Horses walking ahead of me.

None of this activity led to any distractions, so no art inspiration or moments of getting off-track to explore. I knew we had a fairly urgent task waiting on me when I got back to the house, so I stayed focused.

Setting Posts

By 0730 I’d finished solving the horse riddle and gone out to the work-in-progress that is our solar field. We had more posts to level and set. This morning we worked on posts number 5 and 6 on row 1. We needed to get it done before the forecasted afternoon showers arrived.

Art Inspiration

I’ve been finding lots of colorful rocks in our solar field workspace. Today I noticed a nice pink and yellow sandstone, so I did take a little detour to get that rock out of the ground and put it in the 4-wheeler basket.

Art inspiration in the form of a rock.
Pink and yellow sandstone. It’s all wet because I didn’t get it out of the basket before those showers arrived.

I picked up several flakes that had come off of the pink side, so I’ll have some to make a separate paint from that color alone. In the watercolor paints, the pink sandstone doesn’t end up pink. It’s more tan. I’m curious to see how it looks in oil paints. So that was my only detour for a little art inspiration so far in my day’s tasks.

Back to Work

There are 2 more posts to go on this row. We’re putting them in as sets of two, joined together temporarily on the top and a few feet above the bottom. The bottom cross-brace keeps them at the right depth in the hole and keeps the posts at the same distance apart from each other, and also helps keep the tops level with each other. The top brace keeps the tops level with each other. Once the set is in the hole, the tops have to be leveled against the previous 4 posts already in the ground and leveled with each other. The posts also have to be aligned with each other in the line of posts. It’s a tricky thing to accomplish with lots of small adjustments to be made, then readjustments when the previous adjustment threw one of the vectors out of alignment.

setting posts, making sure they're level both in height and with each other.
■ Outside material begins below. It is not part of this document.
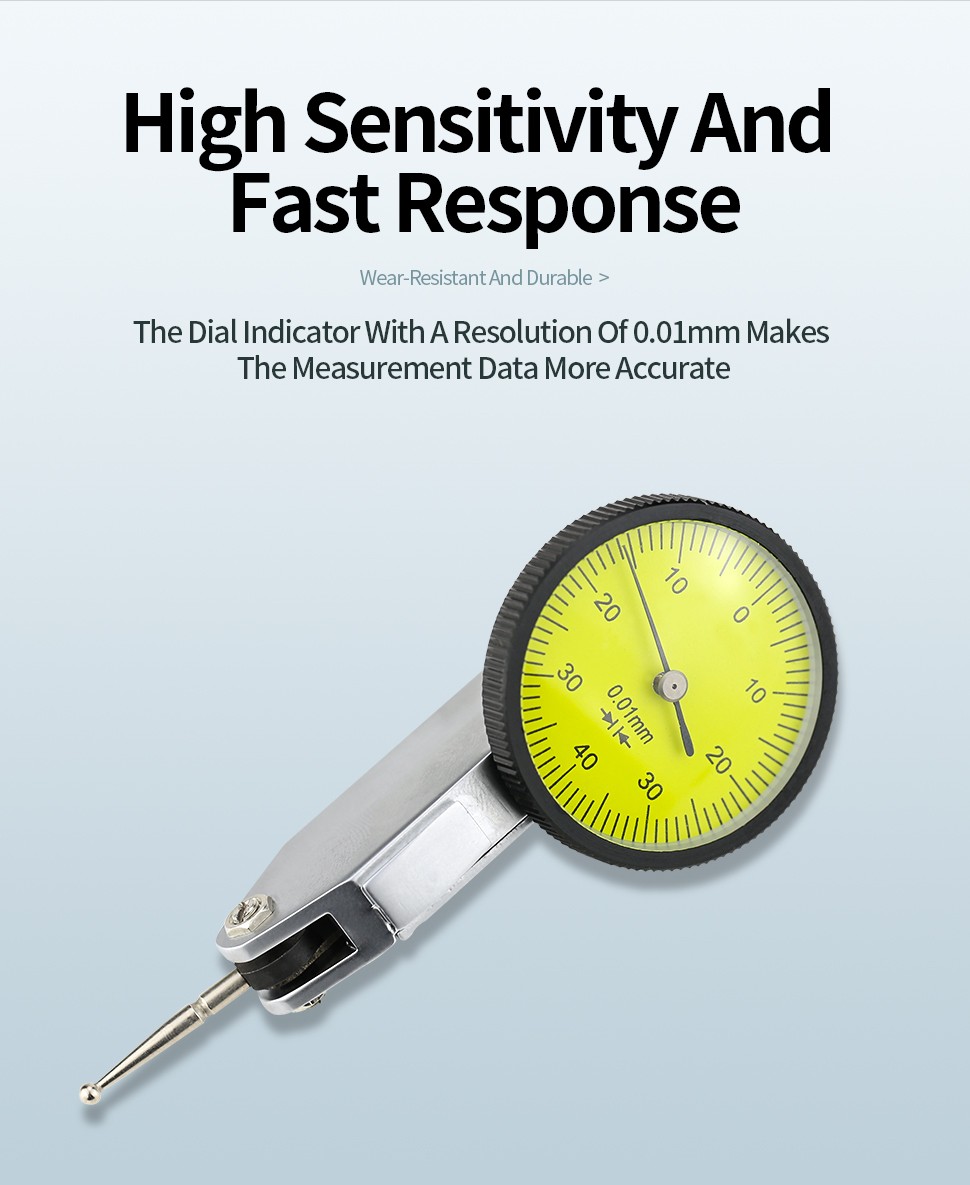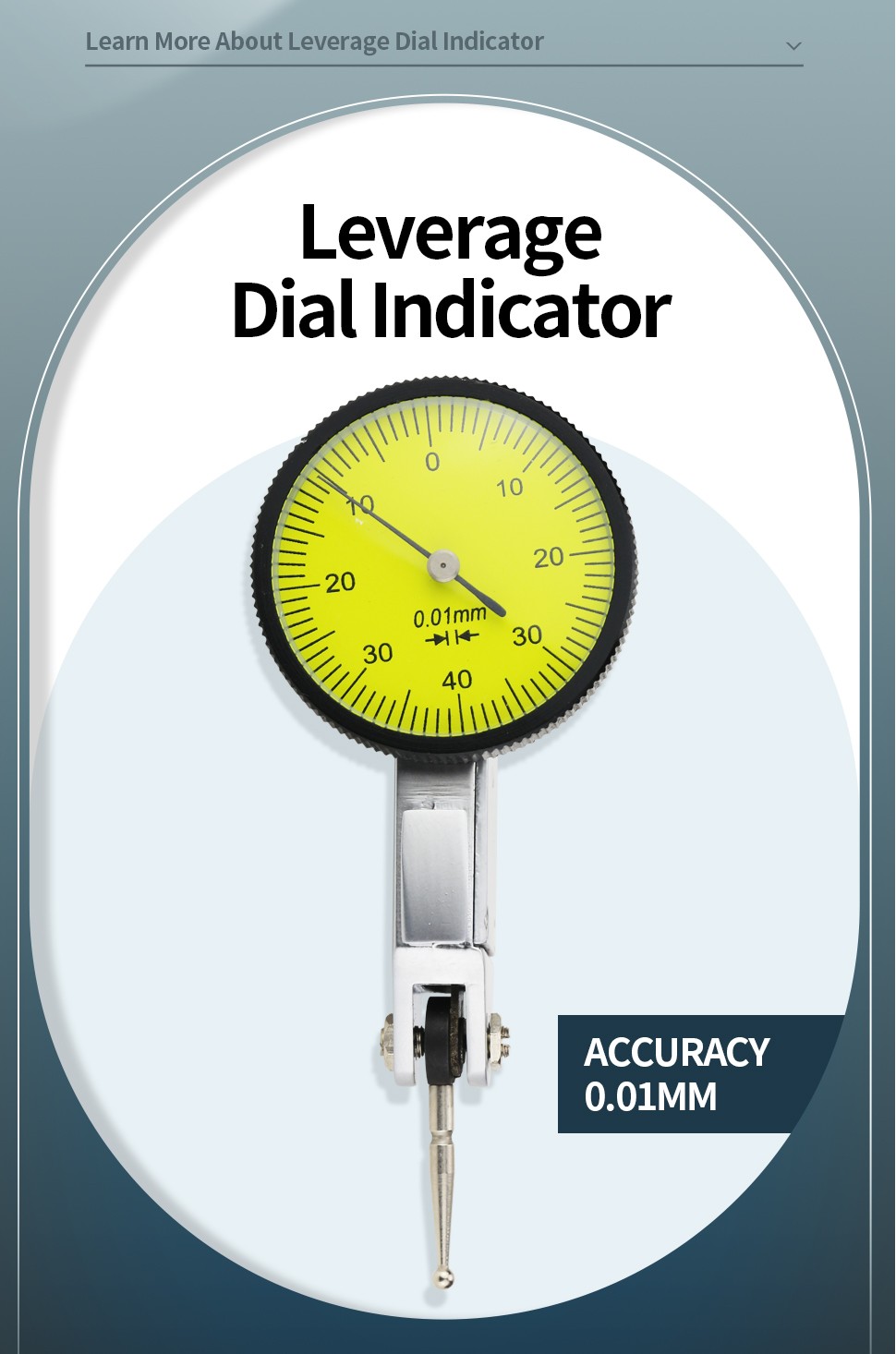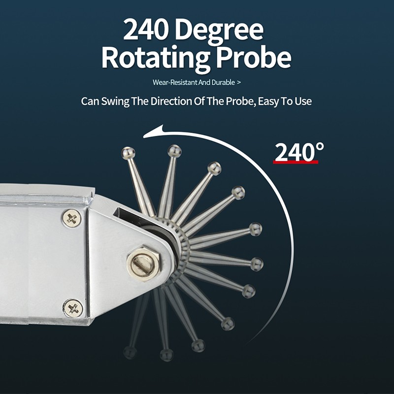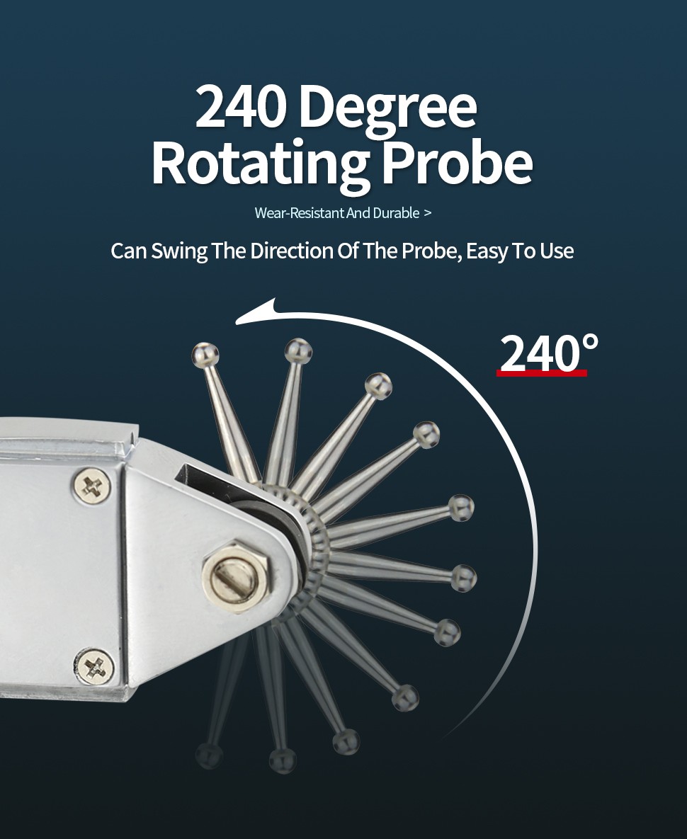 Features: The measuring probe of the lever dial indicator can be adjusted 240° at will. The measuring probe is made of alloy tungsten steel. Accessories combination: shaft sleeve φ6mm, φ8mm.

Once it’s all aligned, Rob makes sure it’s braced to stay that way while we mix and pour the concrete. We’ve got one more set to go on this first row. Each set of two posts will hold six solar panels. And each row will have 24, with 48 in total with the second row. It’ll produce enough power to keep the battery charged, run the shop with welding and woodworking equipment, and the house. BUT. Rob has surgery for his shoulder in a couple of weeks, and he’ll be recuperating from that for several months. We’re just trying to get as much done on the project as we can before his surgery. Once he’s ready to start it up again, we’ll get back to work on it.

Framing Art

I need to get the owl, kings river painting, and the raven framed. Before I can frame the river one, I have to unframe the quail because I need that frame. Then I’ll reframe it in a different frame better suited for them. The quail is a watercolor and behind glass, so it’ll take the longest. The others are oils and no glass or dust cover needed on the backs of those.

Shipping Prints

I’ve got prints of the Grumpy Lil’ Fella ready to cut, package and ship out. This task is art inspiration in that it encourages me to continue to make art if people like what I’m doing well enough to buy from me. However, I’d probably still do it even if no one liked it, lol. I just enjoy painting with these Ozark pigments and would do it anyway.

That’s it for Today’s To-Do List

My days are often a mix of art biz and homestead related tasks. Saturdays are usually my studio days, and on those days I spend the whole day immersed in art-related work. Right now, though, we’re working on getting the new location for the studio cleaned up and ready to move into. So my finished art production is going to slack off for a few months. Once we’ve moved, I’ll get back to making art on a regular basis.

I hope you’re having a great start to the summer!